*Recorded information*:
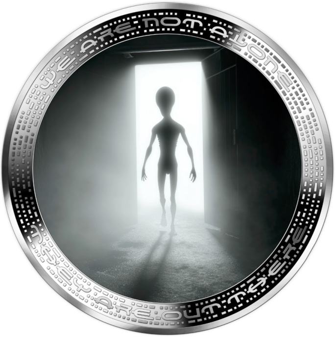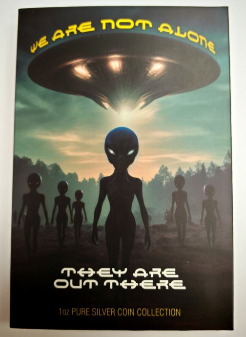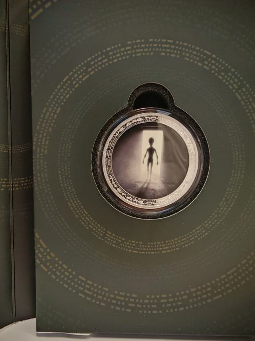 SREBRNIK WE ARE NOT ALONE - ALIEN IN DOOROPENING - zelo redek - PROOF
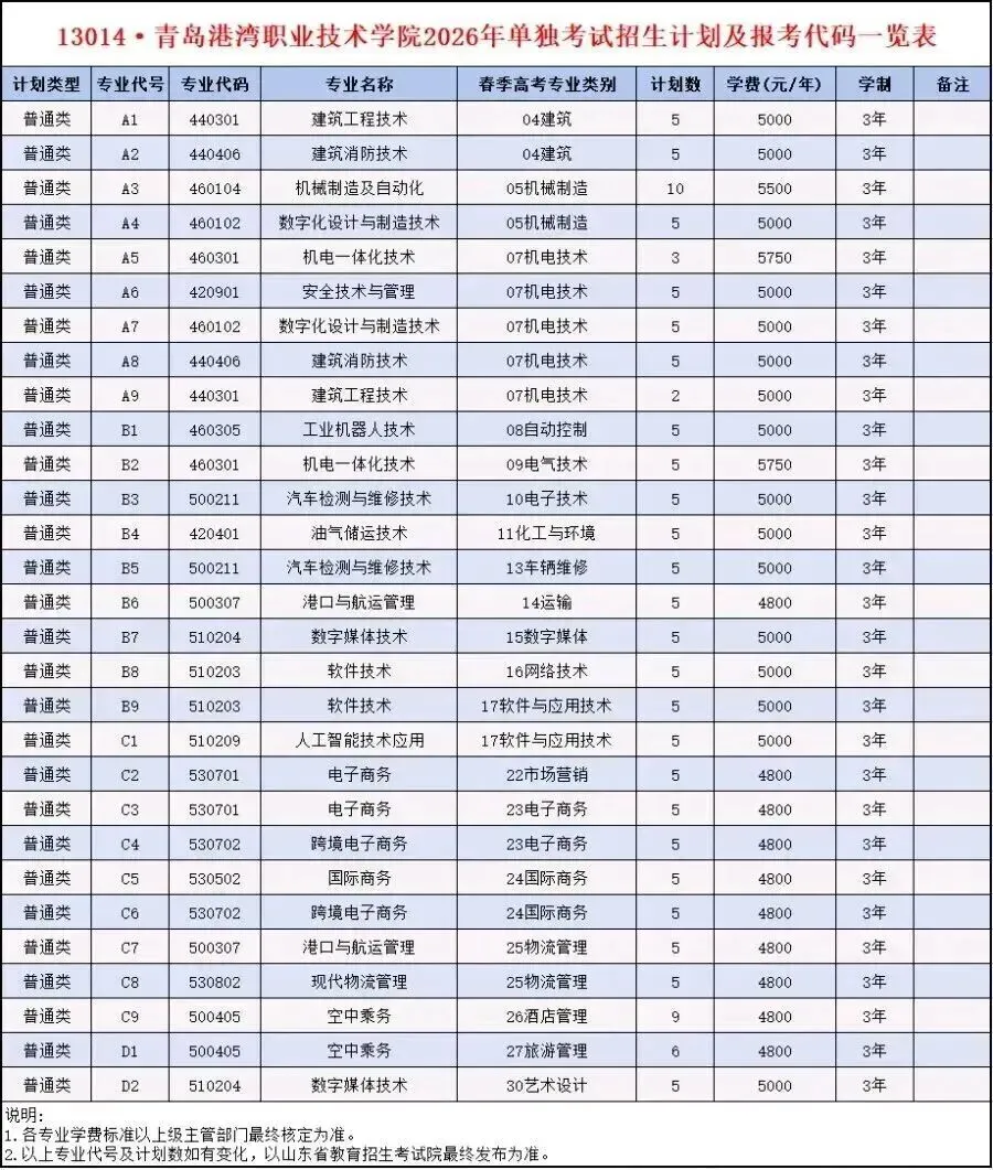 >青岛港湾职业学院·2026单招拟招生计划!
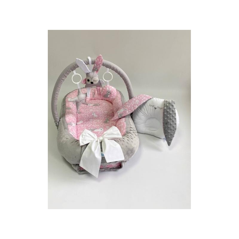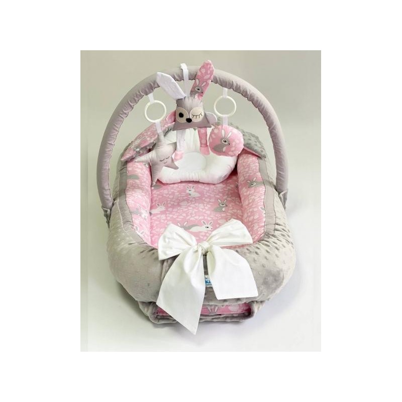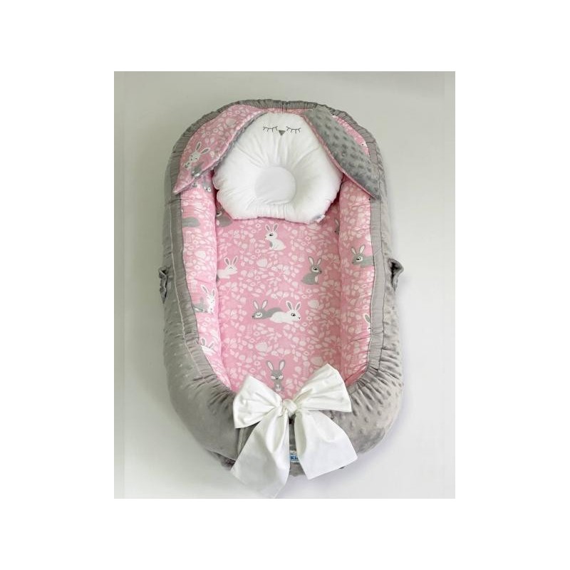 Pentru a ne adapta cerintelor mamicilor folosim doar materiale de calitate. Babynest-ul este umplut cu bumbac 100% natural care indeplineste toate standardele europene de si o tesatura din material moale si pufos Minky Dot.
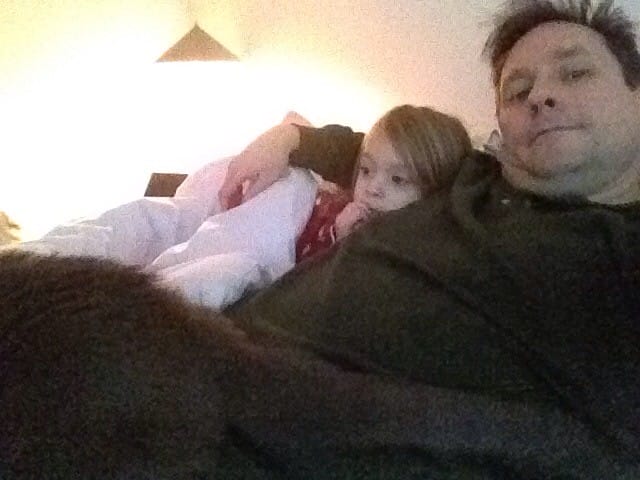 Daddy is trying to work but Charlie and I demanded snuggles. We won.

*Assignment*:
Leave the pictures out, and print every line of the listing exactly as written.

*Task response*:
 SREBRNIK WE ARE NOT ALONE - ALIEN IN DOOROPENING - zelo redek - PROOF
 >青岛港湾职业学院·2026单招拟招生计划!
 Pentru a ne adapta cerintelor mamicilor folosim doar materiale de calitate. Babynest-ul este umplut cu bumbac 100% natural care indeplineste toate standardele europene de si o tesatura din material moale si pufos Minky Dot.
 Daddy is trying to work but Charlie and I demanded snuggles. We won.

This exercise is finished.